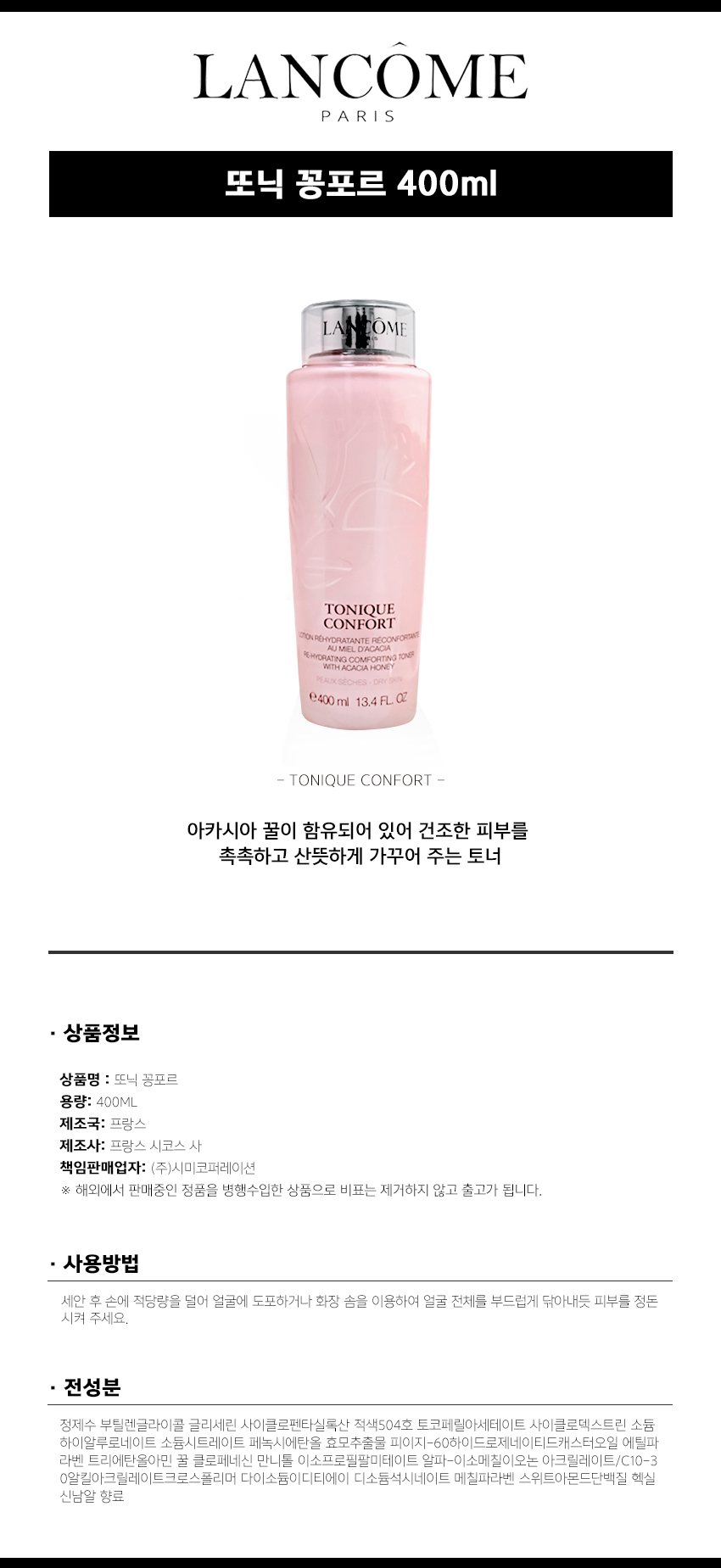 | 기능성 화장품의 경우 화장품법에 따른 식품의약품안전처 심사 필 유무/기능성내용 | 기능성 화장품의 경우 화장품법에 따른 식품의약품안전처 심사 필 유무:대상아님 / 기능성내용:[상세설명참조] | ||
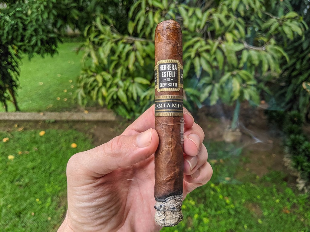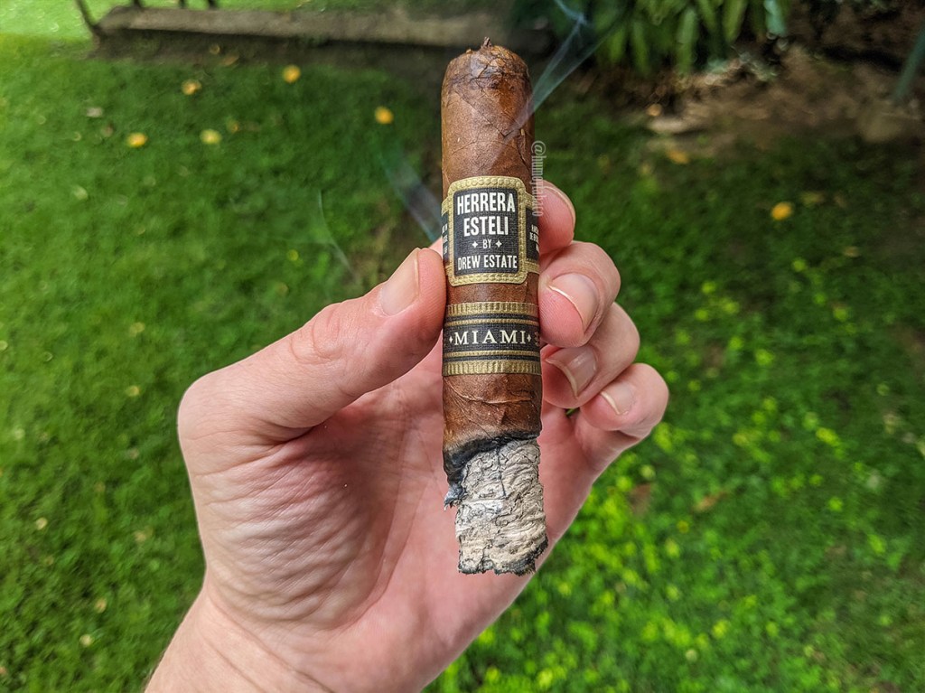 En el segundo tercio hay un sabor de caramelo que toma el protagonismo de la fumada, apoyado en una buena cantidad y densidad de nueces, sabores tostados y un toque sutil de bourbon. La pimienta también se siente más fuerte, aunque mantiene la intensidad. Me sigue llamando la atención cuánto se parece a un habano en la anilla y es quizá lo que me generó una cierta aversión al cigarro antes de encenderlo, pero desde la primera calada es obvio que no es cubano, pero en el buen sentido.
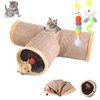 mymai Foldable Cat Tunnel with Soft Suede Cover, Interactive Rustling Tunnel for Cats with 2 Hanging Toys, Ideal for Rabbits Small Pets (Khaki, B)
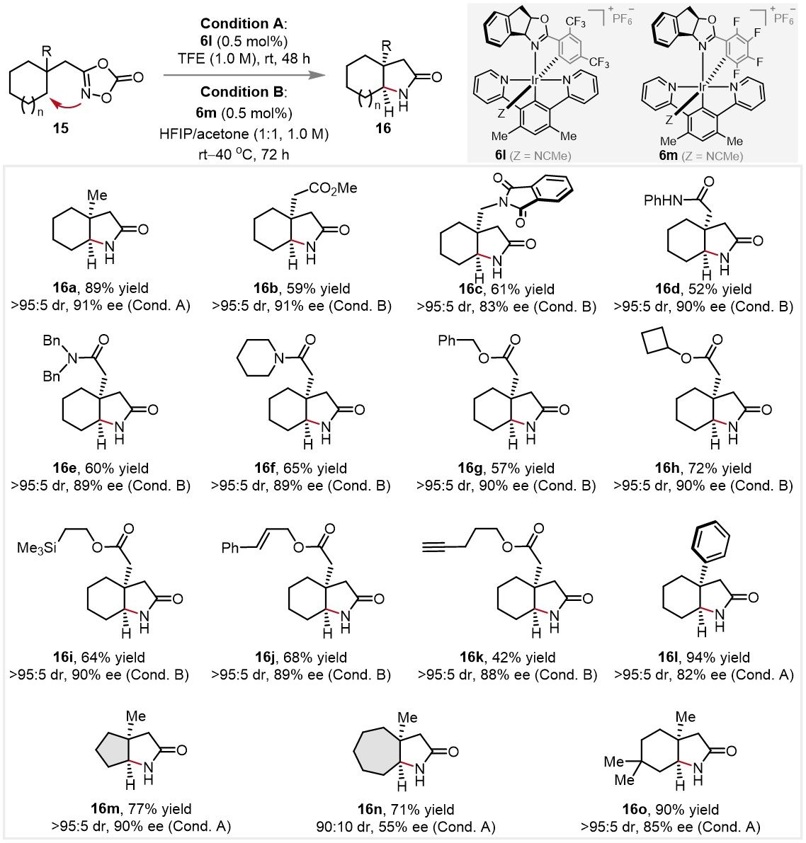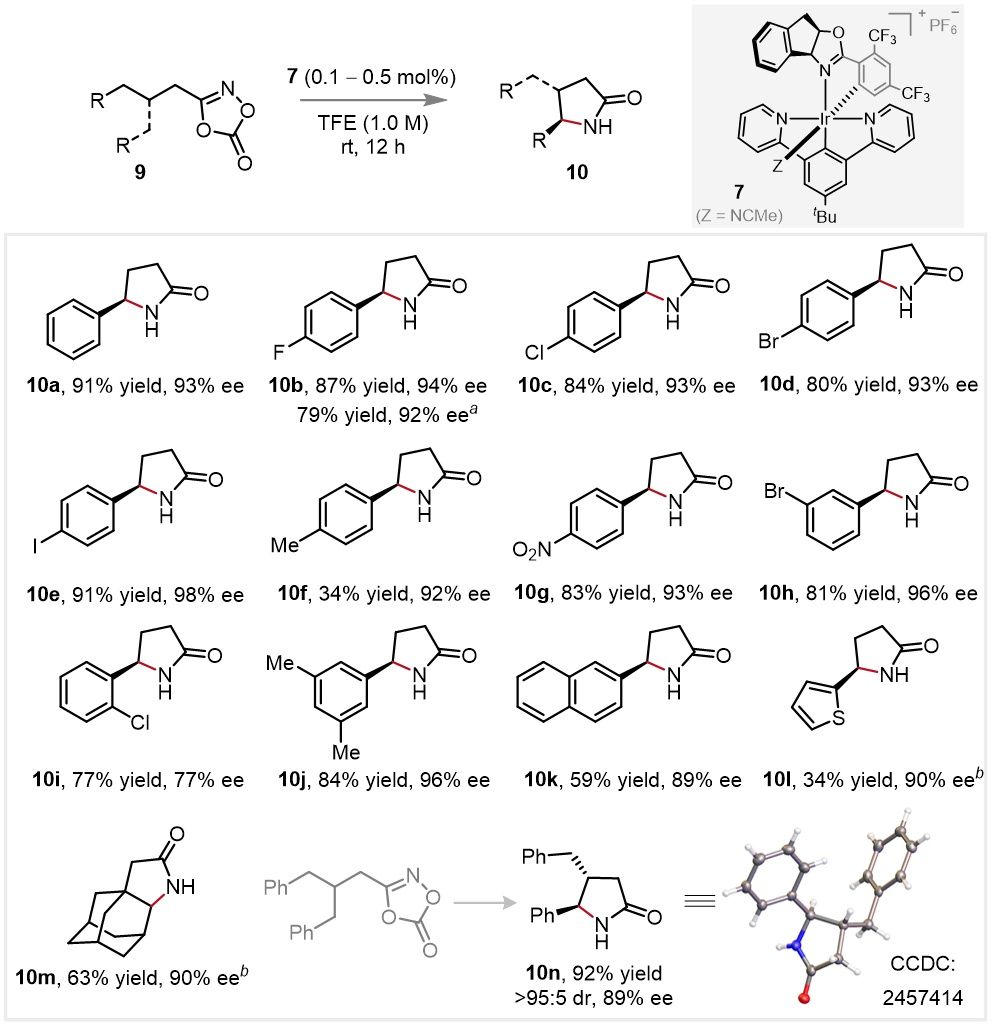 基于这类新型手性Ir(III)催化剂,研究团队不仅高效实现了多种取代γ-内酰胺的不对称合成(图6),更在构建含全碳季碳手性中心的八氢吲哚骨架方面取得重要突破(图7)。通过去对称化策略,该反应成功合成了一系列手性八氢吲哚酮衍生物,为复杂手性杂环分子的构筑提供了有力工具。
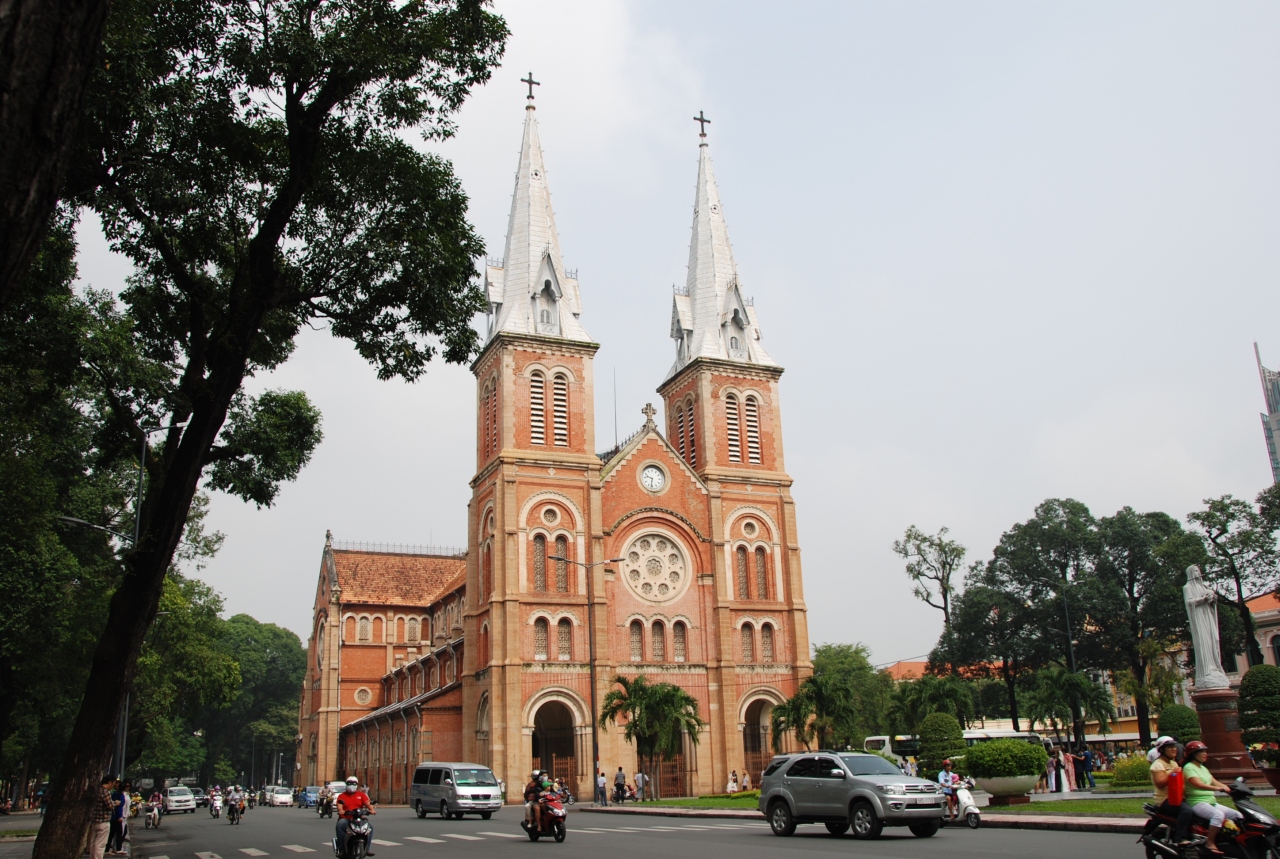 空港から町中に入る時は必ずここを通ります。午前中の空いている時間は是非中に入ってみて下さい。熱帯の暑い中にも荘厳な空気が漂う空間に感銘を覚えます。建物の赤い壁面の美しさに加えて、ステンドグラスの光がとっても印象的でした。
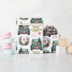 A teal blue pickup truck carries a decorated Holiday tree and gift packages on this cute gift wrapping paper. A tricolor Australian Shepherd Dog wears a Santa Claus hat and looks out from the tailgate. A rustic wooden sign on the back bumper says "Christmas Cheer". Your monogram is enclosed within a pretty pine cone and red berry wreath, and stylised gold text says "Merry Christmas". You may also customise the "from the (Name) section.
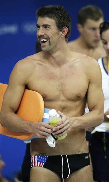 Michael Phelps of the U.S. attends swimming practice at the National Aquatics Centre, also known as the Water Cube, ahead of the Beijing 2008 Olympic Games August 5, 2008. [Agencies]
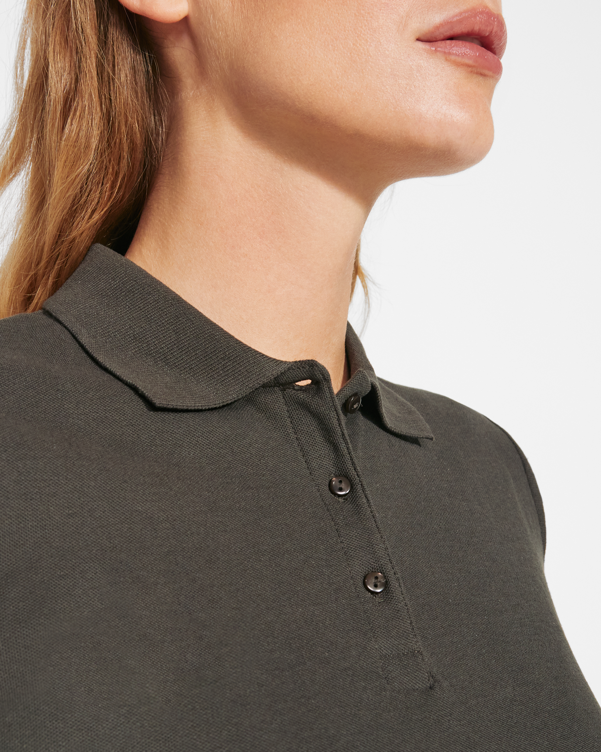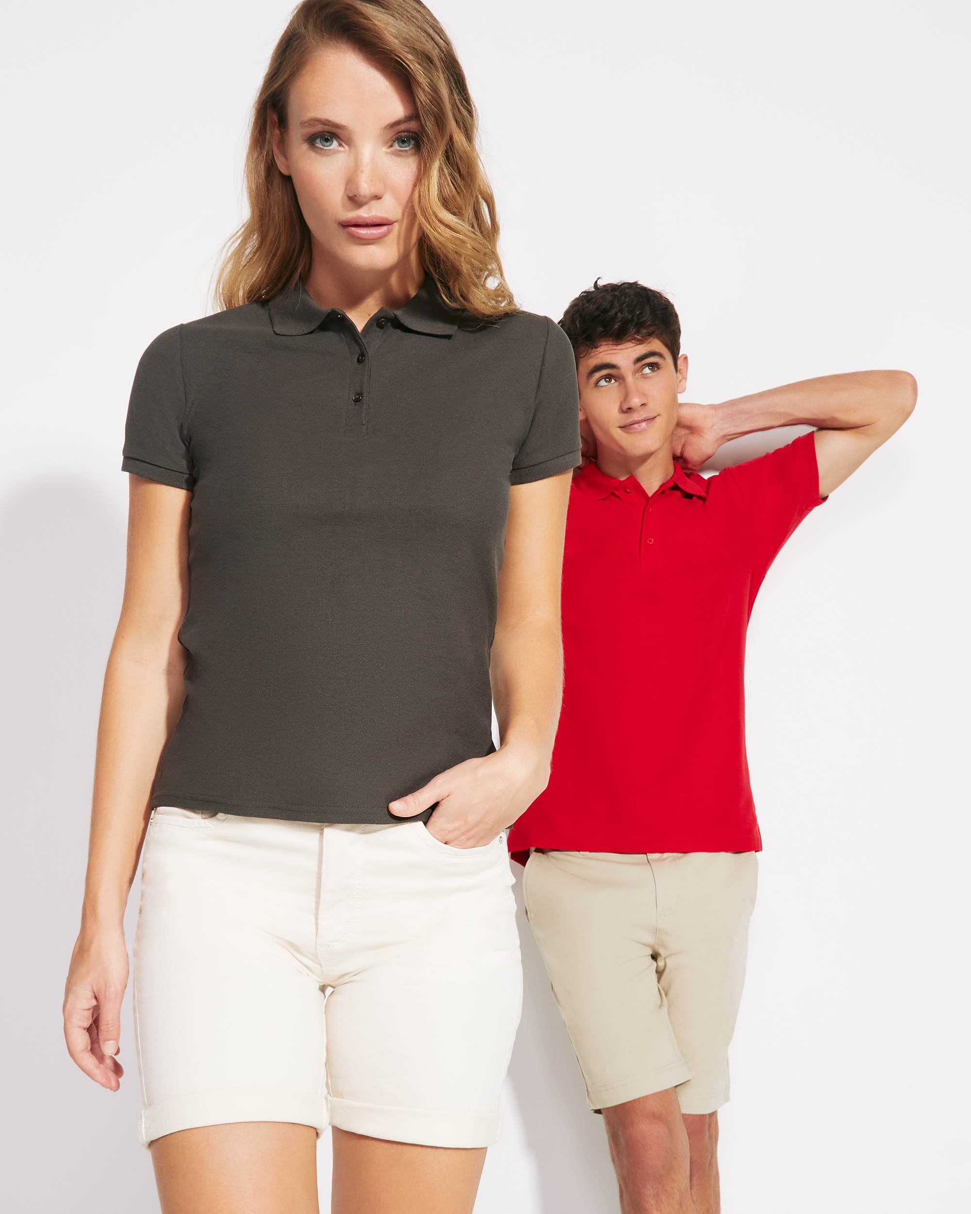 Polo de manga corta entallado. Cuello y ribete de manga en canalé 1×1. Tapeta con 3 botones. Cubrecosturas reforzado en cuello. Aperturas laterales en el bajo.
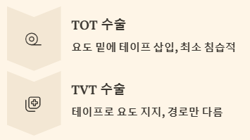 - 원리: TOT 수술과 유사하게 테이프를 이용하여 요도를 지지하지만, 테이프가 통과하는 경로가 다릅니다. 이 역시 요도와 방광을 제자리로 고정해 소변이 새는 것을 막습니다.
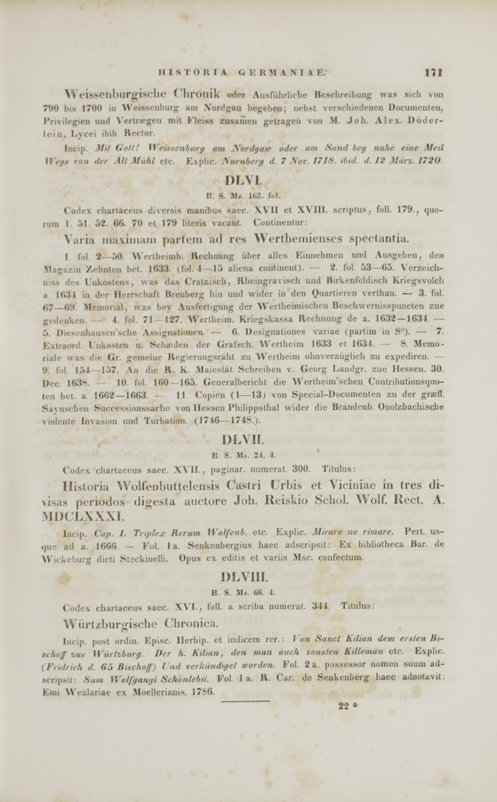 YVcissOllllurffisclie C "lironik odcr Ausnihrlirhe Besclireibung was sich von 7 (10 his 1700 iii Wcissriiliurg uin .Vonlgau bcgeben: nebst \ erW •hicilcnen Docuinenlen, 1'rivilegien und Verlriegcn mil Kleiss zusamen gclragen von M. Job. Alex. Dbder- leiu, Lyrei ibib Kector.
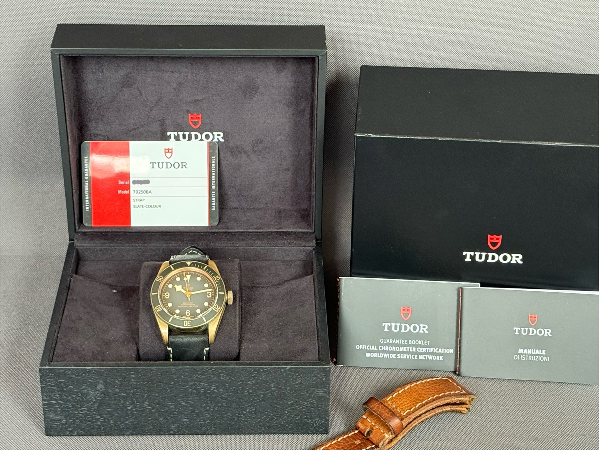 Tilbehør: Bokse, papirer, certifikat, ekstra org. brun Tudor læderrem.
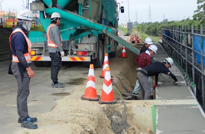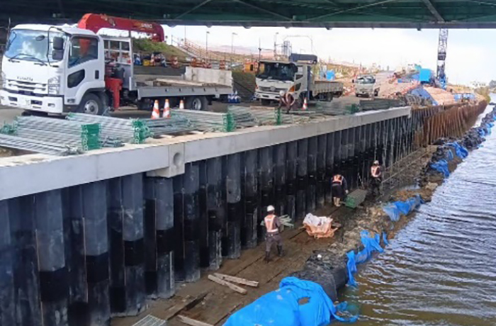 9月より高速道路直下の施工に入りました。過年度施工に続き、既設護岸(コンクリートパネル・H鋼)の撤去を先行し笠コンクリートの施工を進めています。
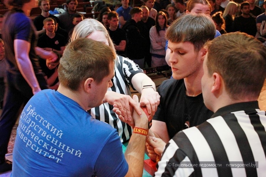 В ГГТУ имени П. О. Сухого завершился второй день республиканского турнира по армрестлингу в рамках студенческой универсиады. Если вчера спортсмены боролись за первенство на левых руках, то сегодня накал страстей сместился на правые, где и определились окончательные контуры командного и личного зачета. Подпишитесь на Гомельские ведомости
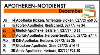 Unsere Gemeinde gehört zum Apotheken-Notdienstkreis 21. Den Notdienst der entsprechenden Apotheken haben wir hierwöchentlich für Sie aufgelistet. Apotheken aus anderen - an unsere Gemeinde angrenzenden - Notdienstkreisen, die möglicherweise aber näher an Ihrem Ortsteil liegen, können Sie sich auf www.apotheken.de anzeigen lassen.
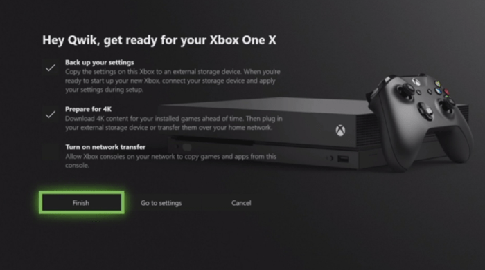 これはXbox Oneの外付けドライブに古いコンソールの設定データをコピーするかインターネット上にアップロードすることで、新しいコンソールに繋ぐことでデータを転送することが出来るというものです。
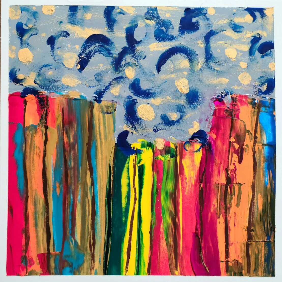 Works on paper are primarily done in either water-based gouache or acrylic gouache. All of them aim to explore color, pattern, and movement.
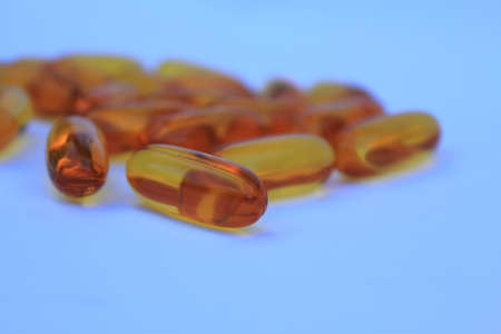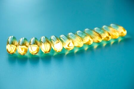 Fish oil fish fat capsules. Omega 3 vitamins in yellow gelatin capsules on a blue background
########
▶ **Problem description**: Beginning with the first entry above, reproduce every line verbatim until the line with "En el segundo", which is included too; omit pictures.

▶ **Exercise response**:
 | 기능성 화장품의 경우 화장품법에 따른 식품의약품안전처 심사 필 유무/기능성내용 | 기능성 화장품의 경우 화장품법에 따른 식품의약품안전처 심사 필 유무:대상아님 / 기능성내용:[상세설명참조] | ||
 En el segundo tercio hay un sabor de caramelo que toma el protagonismo de la fumada, apoyado en una buena cantidad y densidad de nueces, sabores tostados y un toque sutil de bourbon. La pimienta también se siente más fuerte, aunque mantiene la intensidad. Me sigue llamando la atención cuánto se parece a un habano en la anilla y es quizá lo que me generó una cierta aversión al cigarro antes de encenderlo, pero desde la primera calada es obvio que no es cubano, pero en el buen sentido.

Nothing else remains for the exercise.